Our Scandinavia home market is also doing well and we see stable demand from several of the customer segments we work with.
In Italy, which is a relatively new market for Nilörn, we are continuing to expand and capture new and excellent customers and brand names. Our concept and offer are well received and the most important reason for the success is Nilörn's web-based solution, combined with our effective global logistics solutions.
In Great Britain the situation is more challenging as the Brexit discussions are leading to more cautious consumers in terms of buying clothing and shoes. In spite hereof the potential is great and there are many strong international brands where our concept is a natural fit. During the month of July our English operations moved into new inspiring premises with a creative environment well adapted to the market and an effective layout for the production and distribution activities.
Our efforts with RFDI labels were further intensified and we are glad that we have won a new and exciting RFID project where deliveries will commence this coming autumn. We also have a number of RFID projects under development, providing interesting growth potential even if the margins are slightly lower.
Our focus on a sustainable offer continues with the goal of being among the best in the industry. Nilörn believes in a holistic approach that includes the entire design, manufacturing and supply chain. It is very gratifying that Nilörn is able to guide and assist our customers even more sustainable labelling and packaging arrangements.
Our focus on expansion continues and thanks to investments in IT, market, sustainability and production we are now well positioned. I am convinced that this will create excellent opportunities going forward.
Claes af Wetterstedt President

Period July - September
Order bookings
Order bookings increased by 2 percent to MSEK 195 (191).
Net revenue
Revenue decreased by 1 percent to MSEK 171 (172).
Starting in 2019, Nilörn recognizes discounts to customers as lower revenue, rather than as Other operating expense in prior years.
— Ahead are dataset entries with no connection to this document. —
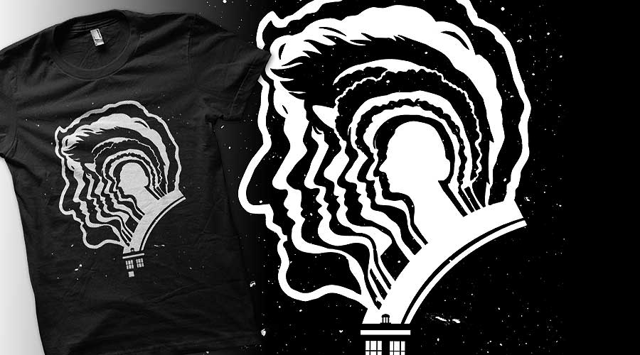 Tee Fury has a pair of Doctor Who shirts featuring all of the Doctor’s regenerations.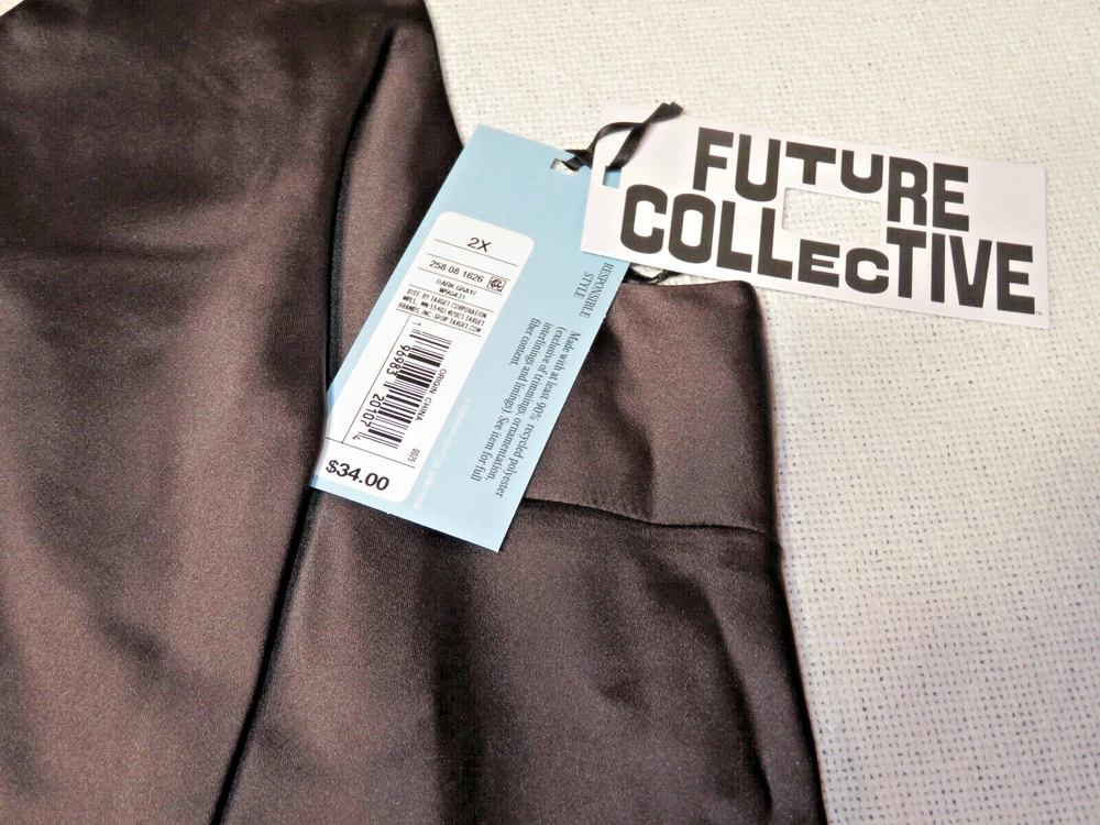This stunning Future Collective evening gown is perfect for any formal occasion. The dress features a round neckline and strappy sleeves, with a pullover closure for easy wear. The satin fabric gives the dress a luxurious look and feel, while the lined interior ensures comfort all night long. The dress is a size 1X and fits a plus size women's department. It's machine washable for easy care, and the gray color and solid pattern make it a timeless piece for any wardrobe. Whether you're attending a wedding, holy communion, party/cocktail, or formal event, this dress is sure to turn heads.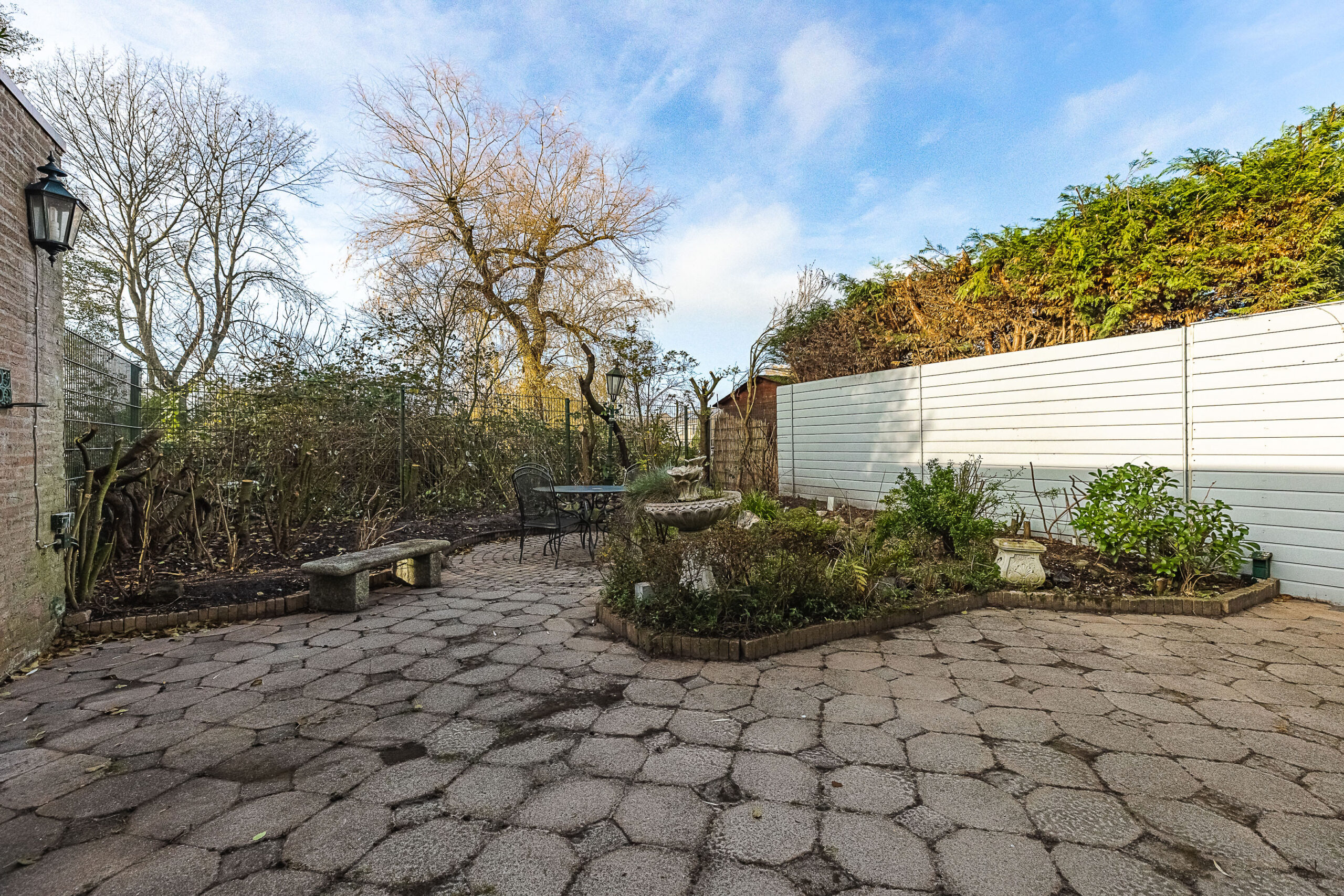 De achtertuin ligt op het westen, waardoor u de hele middag en avond van de zon kunt genieten. De groene, vrije ligging aan de achterzijde zorgt bovendien voor veel privacy.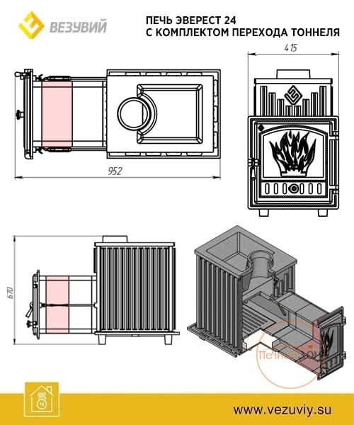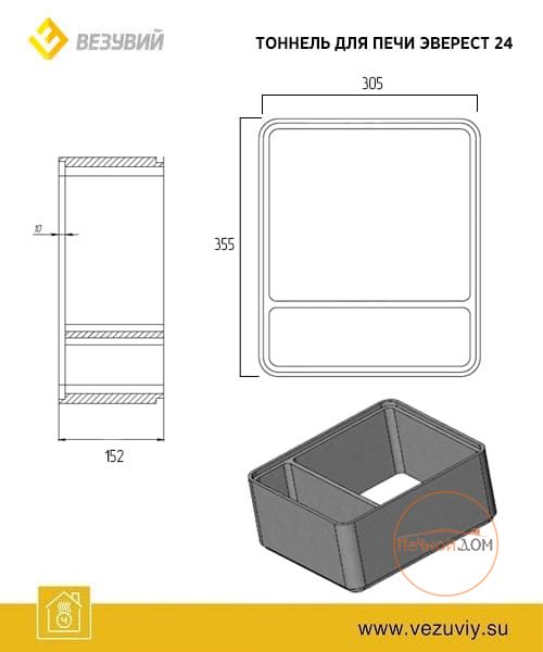 В комплекте: 1 тоннель для печи Эверест 24, 2 шпильки М8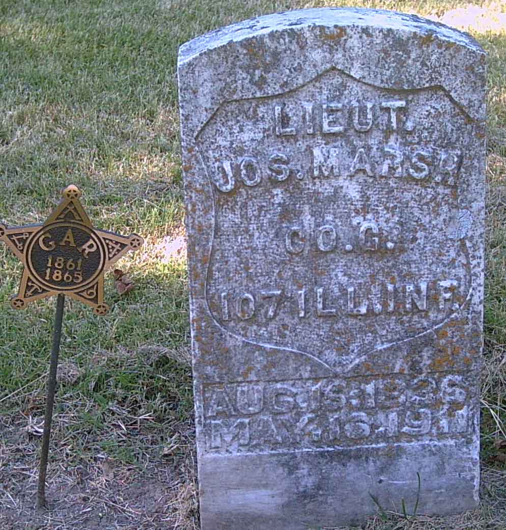 Uncle Joe Marsh as he was commonly called by all who knew him, was 75 years old and was born August 15, 1836, in Pickaway county, O. He came to Ottawa in 1868 and has conducted a hotel here for over 30 years. The hotel known as the Marsh House has been conducted by him for 22 years in the present location. He was a veteran of the Civil War; having served almost four years in the army. He was a first lieutenant of the 107th Illinois infantry, Company G. He was commander of the local G. A. R. Post for one term.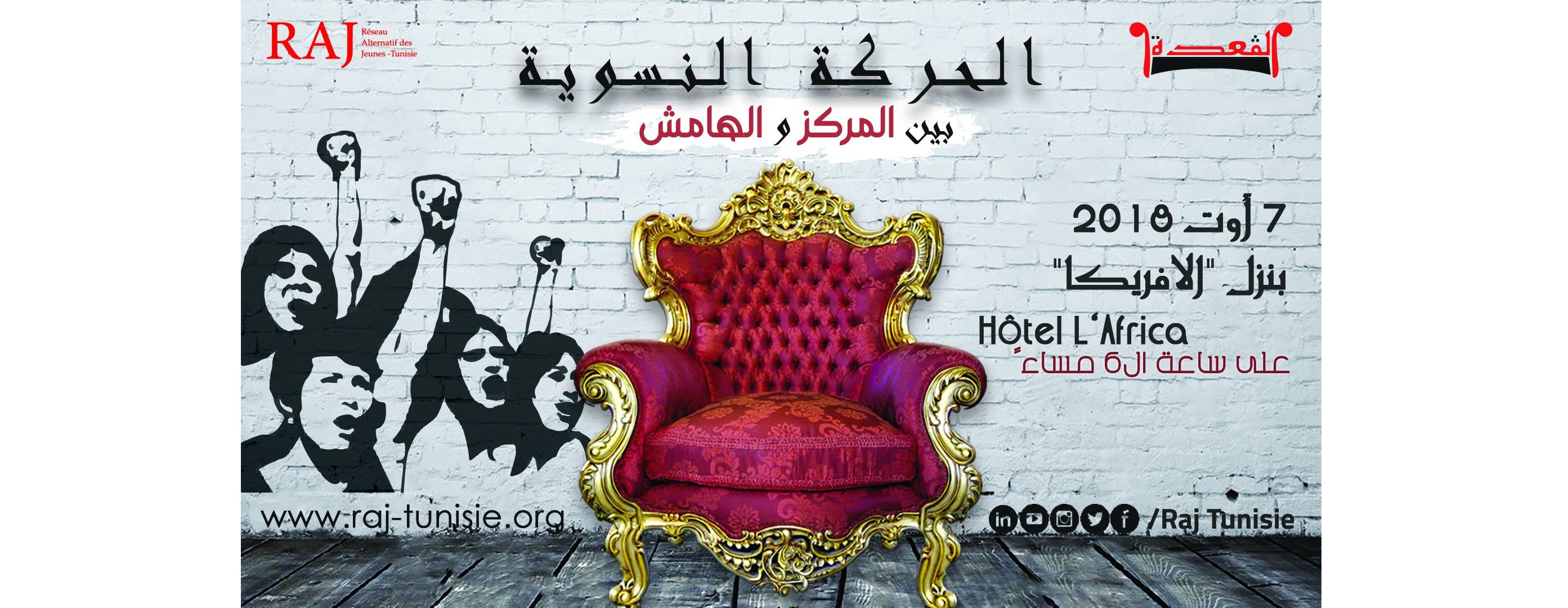 استكمالاً لسلسلة اللقاءات التي تنظّمها حول الحركات الشبابية، تدعوكم منظمة راج تونس لحضور « الڤعدة » يوم الثلاثاء 7 أوت على الساعة السادسة مساءًا بنزل الأفريكا تحت عنوان « الحركة النسوية بين المركز و الهامش »، و ذلك بحضور ضيفاتٍ من أوساطٍ مختلفة للحديث عن الحركة النسوية من مقارباتٍ شتَّى

The numbers for prior years have been recalculated to ensure correct comparability. The effect hereof during the quarter was a downward adjustment of revenue by MSEK 5.3, while Other operating expense is MSEK 5.3 lower than previously reported. For accumulated September 2018 the adjustment was MSEK 14.9 for revenue as well as other external expense. For the full year 2018 the adjustment was MSEK 17.2 for revenue as well as other external expenses. Prior years have also been adjusted in the table of quarterly income statements.
Gross margin
The gross margin was 44.7 (45.3) percent. The increased gross marginal, compared to previous quarters this year, is an effect of decreased sales to a few customers with low margins.
Costs and depreciations
External costs decreased to MSEK 15.7 (22.1), MSEK 4.5 of which is attributable to changed accounting treatment of operating leases in accordance with IFRS 16. Personnel costs increased to MSEK 35.6 (35.1).
Depreciation increased to MSEK 6.5 (2.1). Most of the increase is an effect of IFRS 16 with an impact of MSEK 4.2.
Operating profit
Operating profit amounted to MSEK 19.3 (19.1), resulting in an operating margin of 11.3 (11.1) percent. The higher operating margin during the quarter is attributable to the higher gross profit margin as stated under Gross margin above.
Net finance items, taxes and profit for the period
The net of finance items of MSEK 0.1 (−1.2) accounting according to IFRS 16 affected financial costs by MSEK −0.5. Net financial items include a currency gain of MSEK 0.8 (−1.2). Taxes amounted to MSEK 5.4 (4.1). Profit for the period amounted to MSEK 14.0 (13.8) and earnings per share came in at SEK 1.23 (1.21).
Cash flow, capital investments, financing and liquidity
Cash flow from operating activities amounted to MSEK 23.1 (14.4) affected by big variances between the quarters relative to last year for accounts receivable and inventories. The big increase of Depreciation and Other items not affecting liquidity is an effect of IFRS 16.
Cash flow from investment activities amounted to MSEK −8.7 (−4.2), most of which is attributable to investment in new buildings in England and Sweden. These projects have now been completed.
Nilörn Portugal has installed 750 m² of solar panel on the roof to the factory which is estimated to generate approximately 170 MWH/year (see picture below). The investment amounts to €116,000 and is financed by a 10-year leasing contract.

Equity
Consolidated equity amounts to MSEK 185.3, an increase by MSEK 4.5 since year-end. The increase is due to the period's profit during the period in the amount of MSEK +40.1, the period's restatement difference of MSEK 10.0 and a dividend paid in the amount of MSEK –45.6. The translation difference is the net effect of restating equity in non-Swedish subsidiaries to SEK affected by a weaker Swedish krona.
Period January - September
Order bookings
Order bookings amounting to MSEK 561 (556).
Net revenue and profit
Net revenue in SEK increased by 4 percent to MSEK 545 (526). Net revenue adjusted for currency effects amounted to MSEK 521 (526), equivalent to underlying organic decrease of 1 percent. The gross margin was 42.7 (44.5) percent.
The average HKD/SEK exchange rate weakened during the period under review by 17 percent compared to the equivalent period one year ago. This had major impact on revenue as a significant portion of Nilörn's revenue is denominated in HKD. At the same time TRY weakened by 19 percent, but the effect thereof is smaller due to lower TRY-denominated revenue. However, the Group's income is met by costs in each respective foreign currency, which minimizes the effect on earnings.
External costs decreased to MSEK 47.2 (61.7) MSEK 12.4 of which is attributable to changed accounting treatment of operating leases in accordance with IFRS 16. Personnel costs increased to MSEK 114.4 (108.5). The increase in personnel costs is due to an increase in the number of employees to meet growing volumes and for future expansion and currency effect.
Depreciation increased to MSEK 18.2 (5.8). Most of the increase is due to the effect of IFRS 16 with an impact of MSEK 11.5.
Operating profit amounted to MSEK 54.6 (59.8), for an operating margin of 10.0 (11.4) percent.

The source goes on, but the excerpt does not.